*** INPUT DATA Section Begins ***
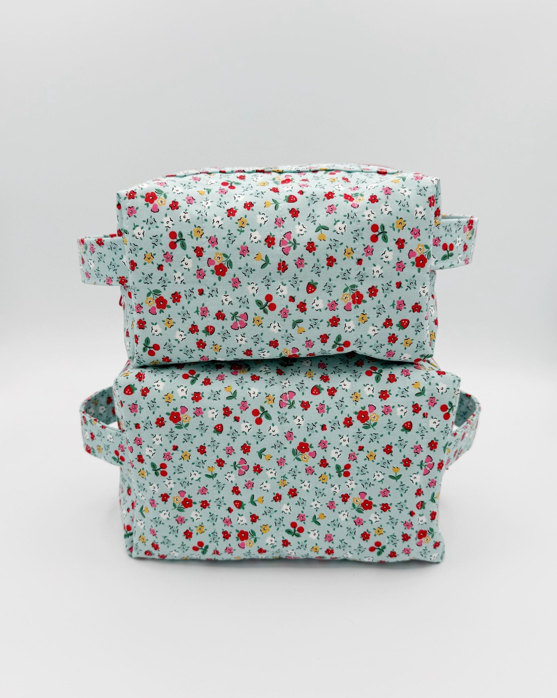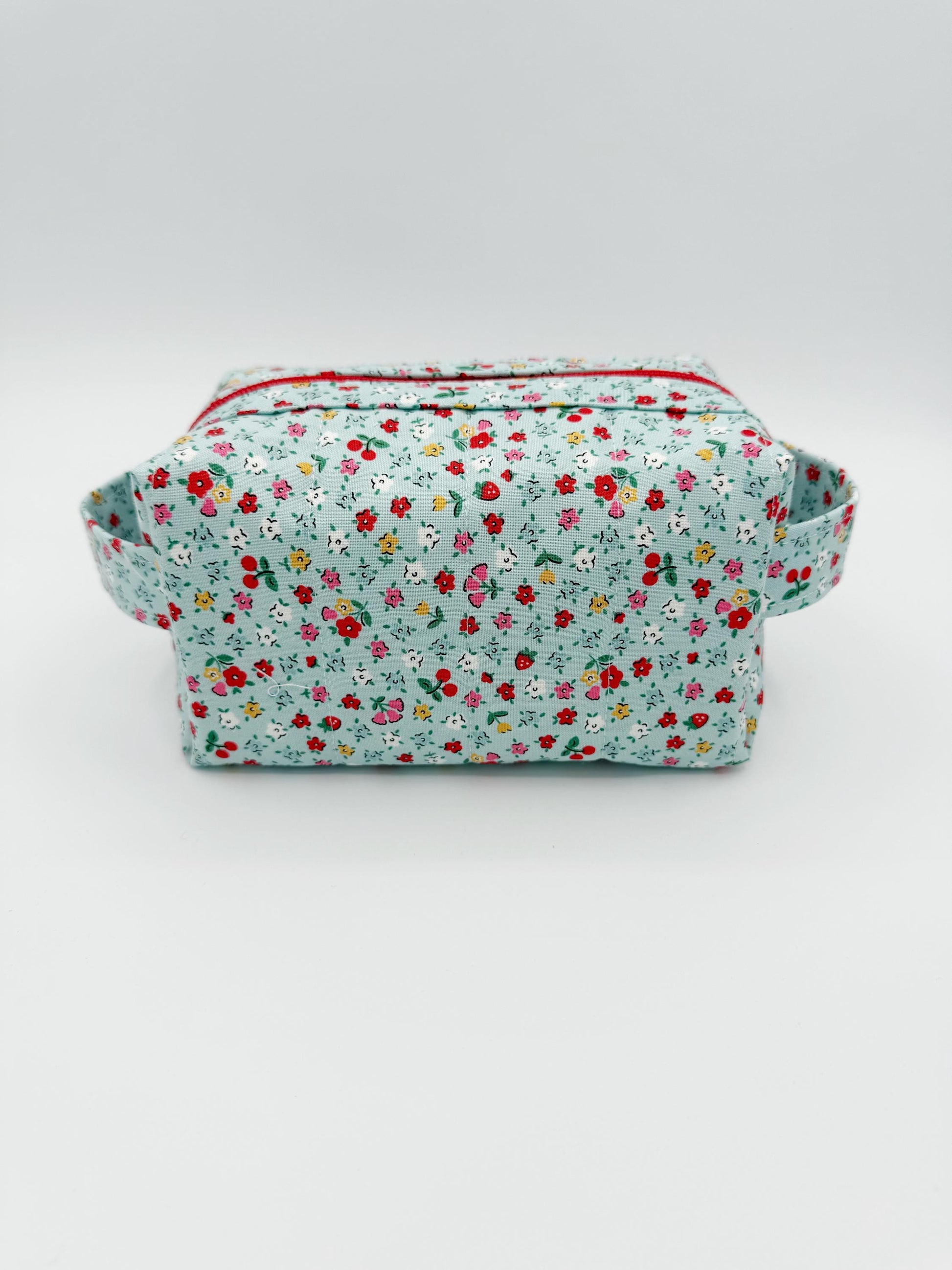 Small Blue Bitty Blossoms Quilted Boxy Bag, Handmade Toiletry Bag
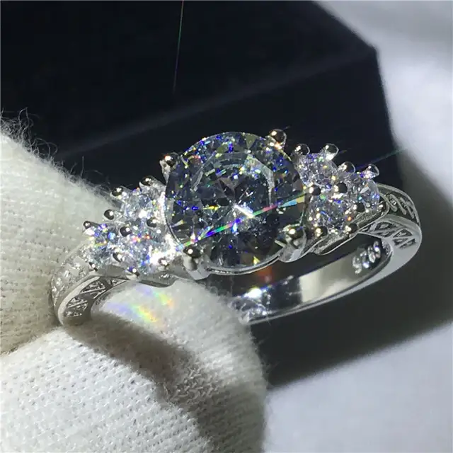 Details About New 925 Sterling Silver Cluster 3 Stone Engagement Wedding Rings Uk Seller
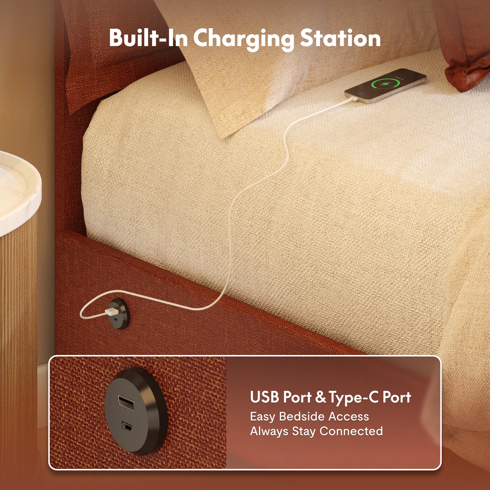 - Built-In USB & Type-C Charging Ports – Keep phones, tablets, or e-readers powered at bedside—ideal for students, professionals, and tech-savvy sleepers who want a clutter-free nightstand.
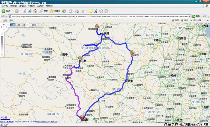6.甘肃兰州-成都,兰州-成都目前最近的路是走临夏-合作-碌曲-四川的若尔盖,重点说下这条路,原以为是山区道路非常难走,其实大错特错,此线路非常好走,沥青路面,线形非常好,限速80,跑个100也没问题,车少,人少,景色美的让你一路不惜按下快门,是自驾者的天堂,10月下旬兰州-临夏为高速路段,山上要下雪(开始看见下雪把我吓一跳,以为今天这样的路开不到四川的若尔盖),翻过山气候就好了,后面的温度太阳一出来又热的很,临夏-合作的高速公路正在修建,出临夏后就是自驾者的天堂了,慢慢开吧,一路景色无限。值得说一下的是如果晚上住四川的若尔盖,会有高原反应的可能,海拔3500,我就头痛,到第二天才缓解,本次旅行最高海拔为3850,小塞欧很争气,在高原上仍然动力充沛,和平原没什么两样,非常满意。在高原地区请带上除冰铲,早上起来的时候前挡风玻璃上面结了一层冰,好久才把它除掉,别用冷水哟,撒上去直接变成冰,太烫的水也不行哟,小心玻璃炸掉。
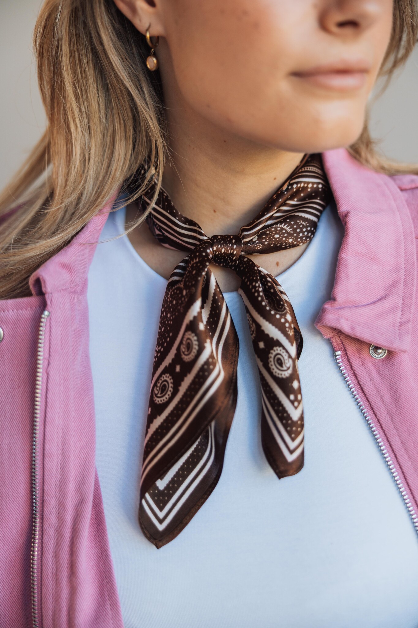 Dit bruine sjaaltje met paisley print is het perfecte accessoire voor elke look. De warme kleur en de sierlijke print geven een stijlvolle vibe. Draag ‘m losjes om je nek, knoop ‘m aan je tas of style als haaraccessoire – één sjaaltje, eindeloze opties!
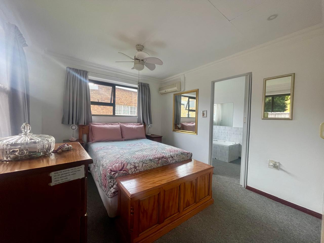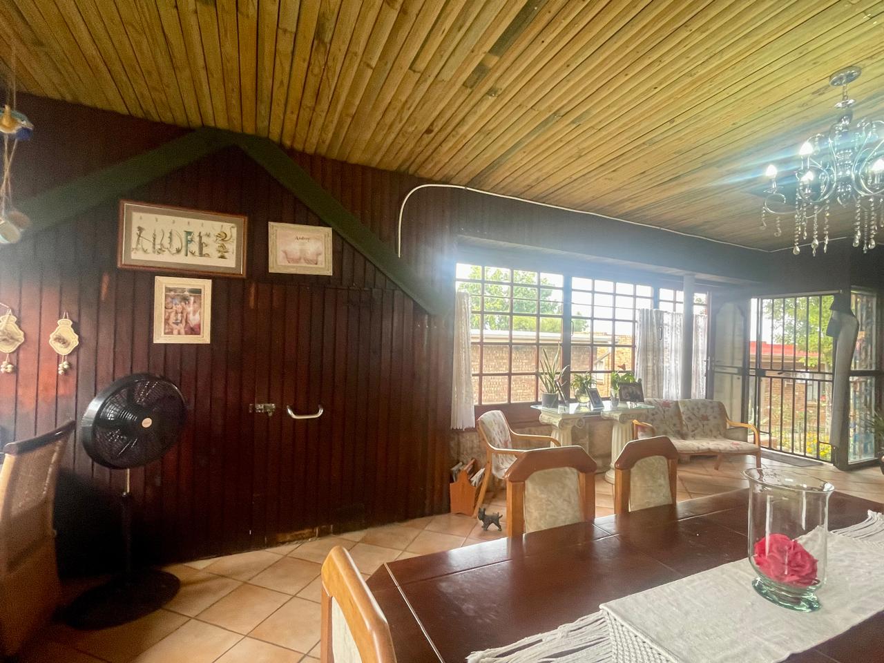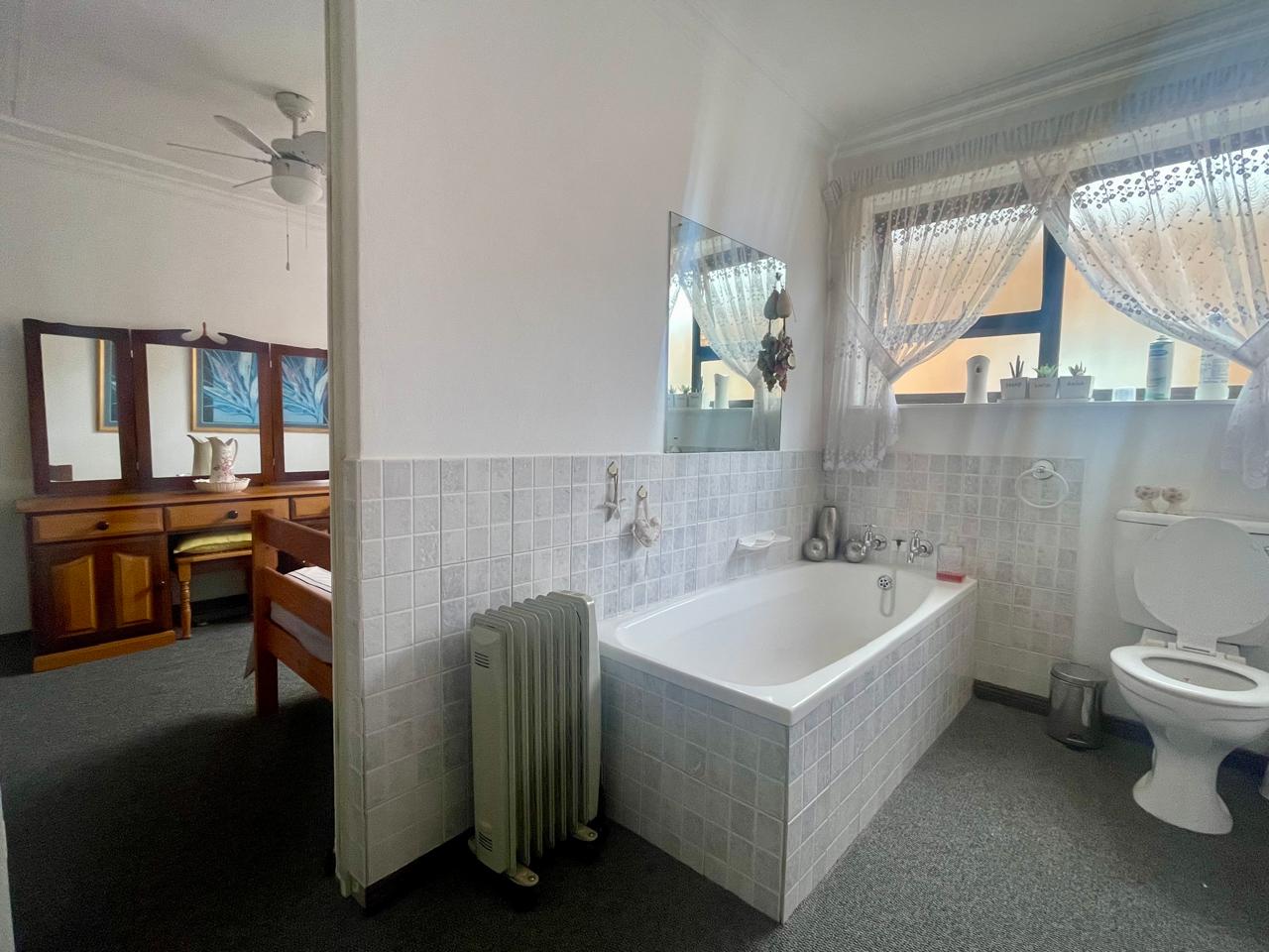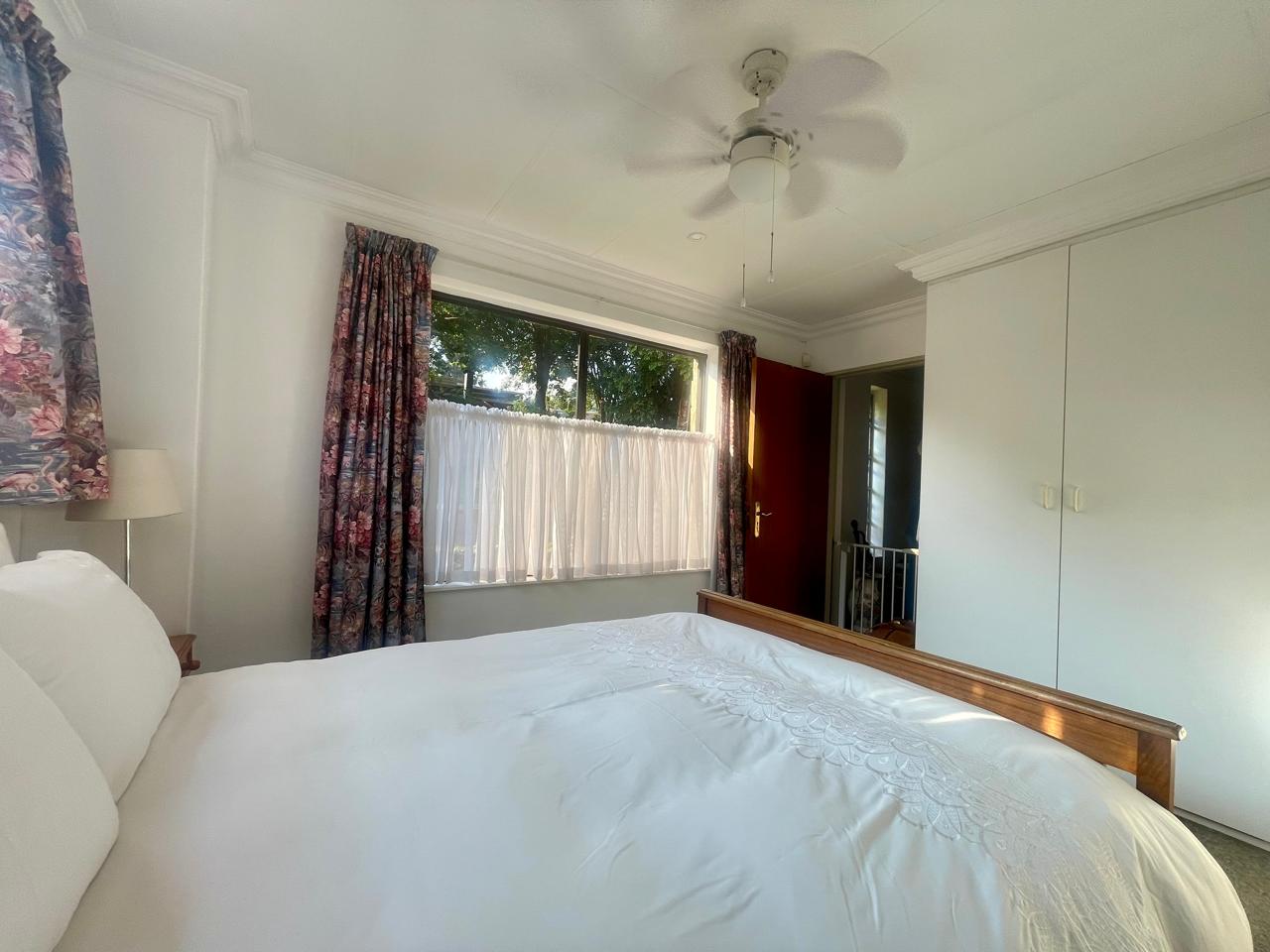 Cosy house with 4 bedrooms (all with BIC). Two bathrooms (all on suite to the 4 bedrooms) Large Lounge. Large dining room/entertainment area with a built-in braai. Kitchen with walk-in pantry. Laundry area. Enclosed area for small dogs. (10 x 2m paved and artificial grass). Solar system with some furniture, all curtains and mosquito nets.
*** INPUT DATA Section Ends ***
WHAT IS NEEDED =
Copy every record above exactly as written, but leave out the pictures.

SOLUTION TO THIS EXERCISE =
 Small Blue Bitty Blossoms Quilted Boxy Bag, Handmade Toiletry Bag
 Details About New 925 Sterling Silver Cluster 3 Stone Engagement Wedding Rings Uk Seller
 - Built-In USB & Type-C Charging Ports – Keep phones, tablets, or e-readers powered at bedside—ideal for students, professionals, and tech-savvy sleepers who want a clutter-free nightstand.
6.甘肃兰州-成都,兰州-成都目前最近的路是走临夏-合作-碌曲-四川的若尔盖,重点说下这条路,原以为是山区道路非常难走,其实大错特错,此线路非常好走,沥青路面,线形非常好,限速80,跑个100也没问题,车少,人少,景色美的让你一路不惜按下快门,是自驾者的天堂,10月下旬兰州-临夏为高速路段,山上要下雪(开始看见下雪把我吓一跳,以为今天这样的路开不到四川的若尔盖),翻过山气候就好了,后面的温度太阳一出来又热的很,临夏-合作的高速公路正在修建,出临夏后就是自驾者的天堂了,慢慢开吧,一路景色无限。值得说一下的是如果晚上住四川的若尔盖,会有高原反应的可能,海拔3500,我就头痛,到第二天才缓解,本次旅行最高海拔为3850,小塞欧很争气,在高原上仍然动力充沛,和平原没什么两样,非常满意。在高原地区请带上除冰铲,早上起来的时候前挡风玻璃上面结了一层冰,好久才把它除掉,别用冷水哟,撒上去直接变成冰,太烫的水也不行哟,小心玻璃炸掉。
 Dit bruine sjaaltje met paisley print is het perfecte accessoire voor elke look. De warme kleur en de sierlijke print geven een stijlvolle vibe. Draag ‘m losjes om je nek, knoop ‘m aan je tas of style als haaraccessoire – één sjaaltje, eindeloze opties!
 Cosy house with 4 bedrooms (all with BIC). Two bathrooms (all on suite to the 4 bedrooms) Large Lounge. Large dining room/entertainment area with a built-in braai. Kitchen with walk-in pantry. Laundry area. Enclosed area for small dogs. (10 x 2m paved and artificial grass). Solar system with some furniture, all curtains and mosquito nets.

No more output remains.